West End pressures to intensify – Cluttons

The vacancy rate for office space in London’s West End fell to 5.4% in the latest quarter from 5.9% in the previous three months, says Cluttons – the lowest level since January 2009. In some parts of the West End, such as Soho, the shortage of stock is even more acute, with a vacancy rate of less than 3%, Cluttons notes, although the market is strongly tiered with Grade A options very limited and Grade B space more readily available. The firm says the pressure will intensify over the next two years as a cohort of occupiers that took leases out in 2006/07 faces breaks or expiries.

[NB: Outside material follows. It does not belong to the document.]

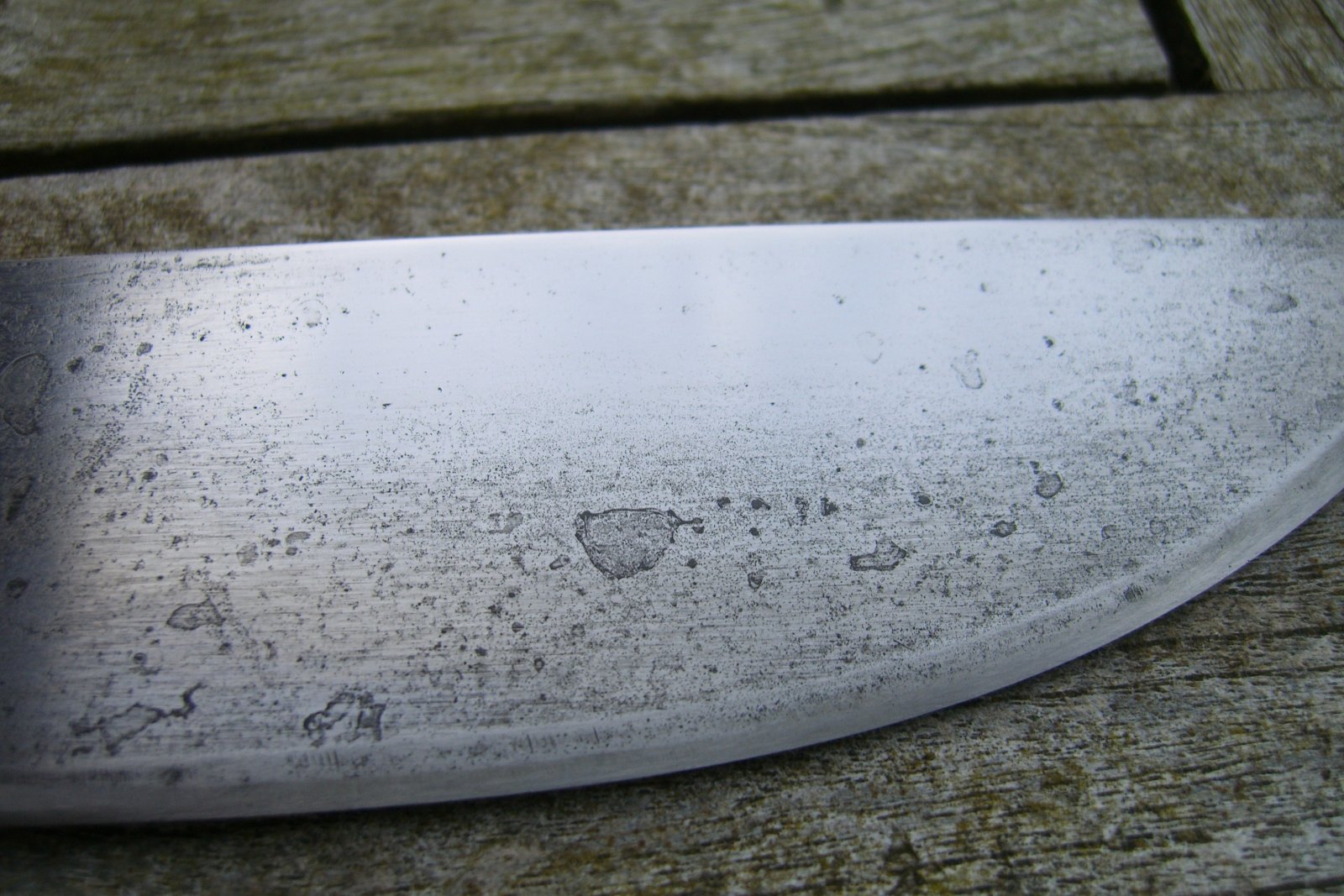 Å legge kniven i eddik vil kanskje fjerne overfladisk rust, dette er jo jernoksid, men hva skjer med stålet når det utsettes for eddik? Eddik er jo syre og vil vel angripe stålet enda mer? Sandblåsing eller tilsvarende hvor de bruker vann er vel det mest effektive, men hvis du ikke har tilgang på dette så er det mest effektive å fjerne overfladisk rust mekanisk. Bruk en roterende stålbørste på en drill, eller hvis ikke dette er nok så kan du bruke smergelpapir. Pussing eller børsting fjerner rusten og etterlater en del riper i stålet. Disse fjerner du med vannslipepapir. Du begynner med litt grovt papir og går gradvis over til finere og finere papir. Dette er et tålmodighetsarbeid, men resultatet blir som regel bra til slutt. Jeg har også en samekniv som jeg mistet, og da den kom til rette igjen var den ganske rusten. Her ser du hvordan stålet så ut etter at rusten ble fjernet. Jeg har ikke brydd meg med å polere den, men vi får se en dag hvis jeg savner noe å gjøre. Her har jeg gjort en liten test med vannslipepapir, og med litt tålmodighet så blir nok resultatet enda bedre. Jeg har en kniv som jeg kjøpte brukt. En Dyre Vaa fra Helle. Den hadde forrige eier slipt med et eller annet grovt slipemedie som hadde gjort den stripete og stygg lang hele eggen. Denne polerte jeg med vannslipepapir og nå er det så vidt det går å se spor etter mishandlingen.

Occupiers remain “ultra-cautious”, with the market driven mostly by lease events; Cluttons says the lack of available development finance has contributed to the lack of activity but notes that the London economy has remained more robust than that for the rest of the UK, “as a result of the greater than perceived diversified nature of the economy”. The financial sector has increased its presence in the West End over the past decade but the office market in the area benefits from a broader business make-up.

Speculative development did increase in the last quarter – space under construction went up 20% – but it is still below the 10-year average and more than 40% of the increase is in the Victoria area, with less than 15% of the pipeline in the highly sought-after Mayfair and St James’s markets. “We therefore expect pre-let pressures to stimulate further starts over the coming quarters,” Cluttons says.

Rents in the West End are forecast to rise by an average of more than 8% over the next four years, highlighting the need to fix costs early, the firm points out.